From: Tvrtko Ursulin <tvrtko.ursulin at intel.com>

This is the fix proposed by Chuansheng Liu <chuansheng.liu at intel.com> to
close a memory leak caused by refactoring done in 786555987207
("drm/i915/gem: Store mmap_offsets in an rbtree rather than a plain list").

Original commit text from Liu was this:

>
> The below memory leak information is caught:
>
> unreferenced object 0xffff997dd4e3b240 (size 64):
>   comm "gem_tiled_fence", pid 10332, jiffies 4294959326 (age 220778.420s)
>   hex dump (first 32 bytes):
>     01 00 00 00 00 00 00 00 00 00 00 00 00 00 00 00  ................
>     00 00 00 00 00 00 00 00 00 be f2 d4 7d 99 ff ff  ............}...
>   backtrace:
>     [<ffffffffa0f04365>] kmem_cache_alloc_trace+0x2e5/0x450
>     [<ffffffffc062f3ac>] drm_vma_node_allow+0x2c/0xe0 [drm]
>     [<ffffffffc13149ea>] __assign_mmap_offset_handle+0x1da/0x4a0 [i915]
>     [<ffffffffc1315235>] i915_gem_mmap_offset_ioctl+0x55/0xb0 [i915]
>     [<ffffffffc06207e4>] drm_ioctl_kernel+0xb4/0x140 [drm]
>     [<ffffffffc0620ac7>] drm_ioctl+0x257/0x410 [drm]
>     [<ffffffffa0f553ae>] __x64_sys_ioctl+0x8e/0xc0
>     [<ffffffffa1821128>] do_syscall_64+0x38/0xc0
>     [<ffffffffa1a0007c>] entry_SYSCALL_64_after_hwframe+0x44/0xae
>
> The issue is always reproduced with the test:
> gem_tiled_fence_blits --run-subtest basic
>
> It tries to mmap_gtt the same object several times, it is like:
> create BO
> mmap_gtt BO
> unmap BO
> mmap_gtt BO <== second time mmap_gtt
> unmap
> close BO
>
> The leak happens at the second time mmap_gtt in function
> mmap_offset_attach(),it will simply increase the reference
> count to 2 by calling drm_vma_node_allow() directly since
> the mmo has been created at the first time.
>
> However the driver just revokes the vma_node only one time
> when closing the object, it leads to memory leak easily.
>
> This patch is to fix the memory leak by calling drm_vma_node_allow() one
> time also.

Issue was later also reported by Mirsad:

>
> The problem is a kernel memory leak that is repeatedly occurring
> triggered during the execution of Chrome browser under the latest
> 6.1.0+  kernel of this morning and Almalinux 8.6 on a Lenovo
> desktop box with Intel(R) Core(TM) i5-8400 CPU @ 2.80GHz CPU.
>
> The build is with KMEMLEAK, KASAN and MGLRU turned on during the
> build,  on a vanilla mainline kernel from Mr.
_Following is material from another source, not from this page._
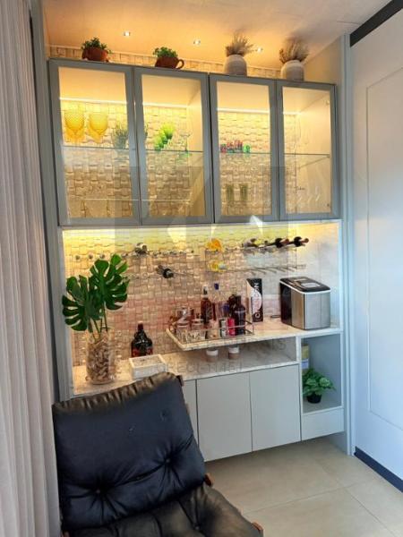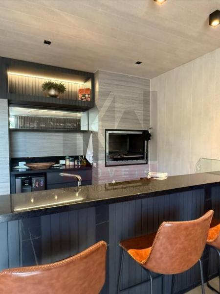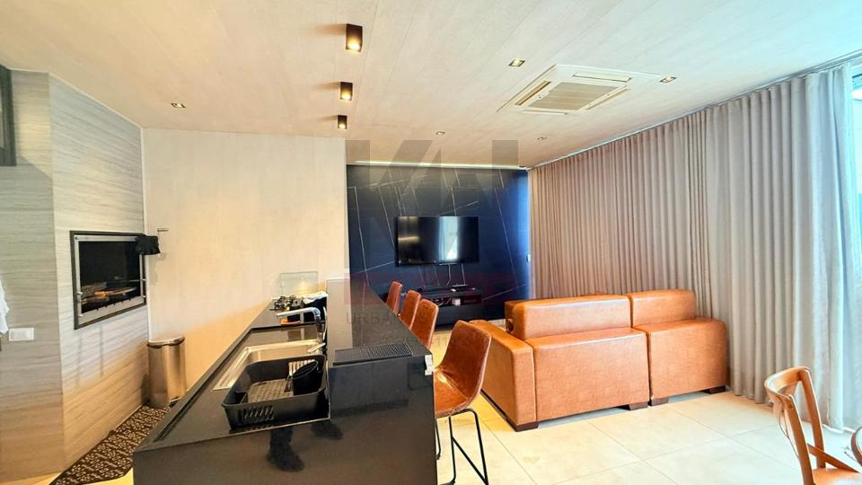 Área gourmet climatizada, com espaço de TV e banheiro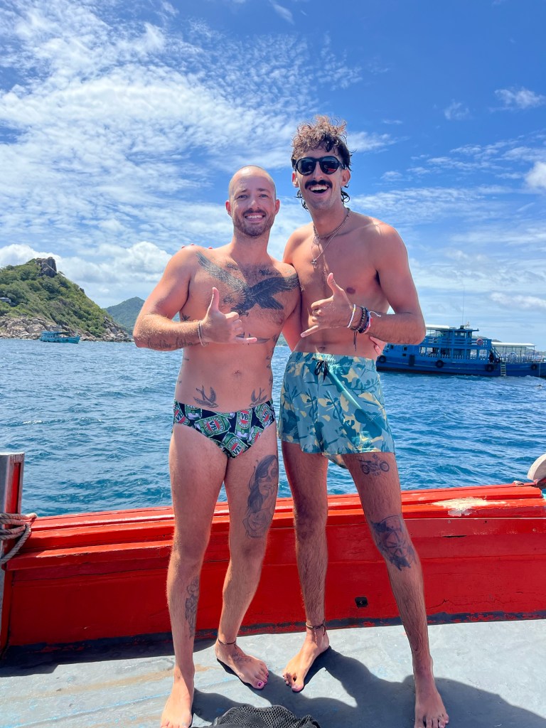 We descended into the ocean and we were met with some pretty subpar visibility. On top of that, there wasn’t a whale shark… but there were a lot of boats trying to dive at the dive site today. Makes sense!

Torvalds' tree.
>
> The leaks look like this one:
>
> unreferenced object 0xffff888131754880 (size 64):
>    comm "chrome", pid 13058, jiffies 4298568878 (age 3708.084s)
>    hex dump (first 32 bytes):
>      01 00 00 00 00 00 00 00 00 00 00 00 00 00 00 00 ................
>      00 00 00 00 00 00 00 00 00 80 1e 3e 83 88 ff ff ...........>....
>    backtrace:
>      [<ffffffff9e9b5542>] slab_post_alloc_hook+0xb2/0x340
>      [<ffffffff9e9bbf5f>] __kmem_cache_alloc_node+0x1bf/0x2c0
>      [<ffffffff9e8f767a>] kmalloc_trace+0x2a/0xb0
>      [<ffffffffc08dfde5>] drm_vma_node_allow+0x45/0x150 [drm]
>      [<ffffffffc0b33315>] __assign_mmap_offset_handle+0x615/0x820 [i915]
>      [<ffffffffc0b34057>] i915_gem_mmap_offset_ioctl+0x77/0x110 [i915]
>      [<ffffffffc08bc5e1>] drm_ioctl_kernel+0x181/0x280 [drm]
>      [<ffffffffc08bc9cd>] drm_ioctl+0x2dd/0x6a0 [drm]
>      [<ffffffff9ea54744>] __x64_sys_ioctl+0xc4/0x100
>      [<ffffffff9fbc0178>] do_syscall_64+0x58/0x80
>      [<ffffffff9fc000aa>] entry_SYSCALL_64_after_hwframe+0x72/0xdc
>

Root cause is that 786555987207 started caching (and sharing) the
i915_mmap_offset objects per object and same mmap type. This means that
reference count incremented by drm_vma_node_allow could grow beyond one,
while the object closure path calls drm_vma_node_revoke only once and
so the structure leaks.

Secondary effect from this, which is also different than what we had
before 786555987207 is that it is now possible to mmap an offset belonging
to a closed object.

Fix here is to partially revert to behaviour before 786555987207 - that is
to disallow mmap of closed objects and to only increment the mmap offset
ref count once per object-type.

Signed-off-by: Tvrtko Ursulin <tvrtko.ursulin at intel.com>
Co-developed-by: Chuansheng Liu <chuansheng.liu at intel.com>
Fixes: 786555987207 ("drm/i915/gem: Store mmap_offsets in an rbtree rather than a plain list")
Reported-by: Mirsad Todorovac <mirsad.todorovac at alu.unizg.hr>
Tested-by: Mirsad Todorovac <mirsad.todorovac at alu.unizg.hr>
Testcase: igt at gem_mmap_gtt@mmap-closed-bo
Cc: Matthew Auld <matthew.auld at intel.com>
Cc: "Thomas Hellström" <thomas.hellstrom at linux.intel.com>
Cc: <stable at vger.kernel.org> # v5.7+
Reviewed-by: Tvrtko Ursulin <tvrtko.ursulin at intel.com>
---
Test-with: 20221222100403.256775-1-tvrtko.ursulin at linux.intel.com
---
 drivers/gpu/drm/i915/gem/i915_gem_mman.c | 3 ++-
 1 file changed, 2 insertions(+), 1 deletion(-)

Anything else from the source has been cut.